Tissier et Brandérac ne sont pas encore revenus, ce qui laisse supposer que l’île est plus étendue que prévu.
- Capitaine, vous êtes pâle comme une dentelle.
- Ah ! Cela ne m’étonne guère.
- Quel tourment vous habite-t-il ?
- Je reviens de l’île ; je m’y suis promené une heure, seul, dans la forêt.
- Eh bien ! Cela aurait dû, au contraire, vous amener du rose aux joues.
- Ce fut d’abord le cas, et je sautillai gaiement entre les arbres, cueillant ici une baie, là un scarabée, lorsque je fus violemment ému par l’apparition d’une nouvelle créature du démon.
- Allons bon ! Elles ne se cantonnent donc point aux flots ?
- Celle-ci ressemblait à un genre de biche, ou de daim peut-être, portant robe noire et luisante.

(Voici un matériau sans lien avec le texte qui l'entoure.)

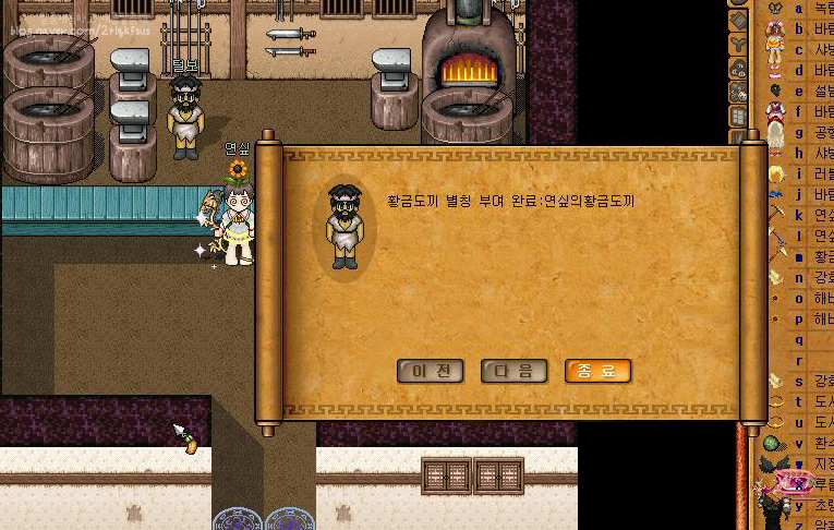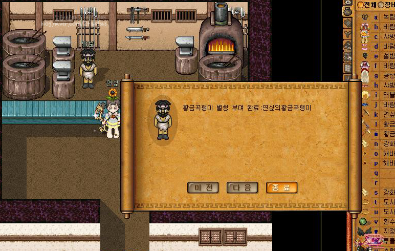 또 다른 방법으로 털보&떡쇠 등의 대장장이를 클릭하셔서 무기 별칭을 바꾸실 수 있어요.

- Dans ces contrées éloignées, cela se peut fort bien sans aucune intervention diabolique.
- C’est que ce n’est pas tout. Cet animal avançait sur deux pattes comme le ferait un homme.
- Certains ours le font parfois.
- Cet ours-là avait nettement la forme d’une biche. De surcroît il portait sous le ventre, je l’ai bien vu, une marque blanche qui avait – vous ne devineriez jamais – la forme d’une croix.
- Il ne pouvait donc s’agir que d’une créature de Dieu.
- A moins que la croix ne soit renversée.
- L’était-elle ?
- Je l’ignore. C’était une croix de malte.
- Evidemment, cela laisse planer des doutes et des soupçons.
- Des doutes, oui, et des soupçons. Thomas, mon jeune ami, préparez-moi un grog, je le prendrai ici.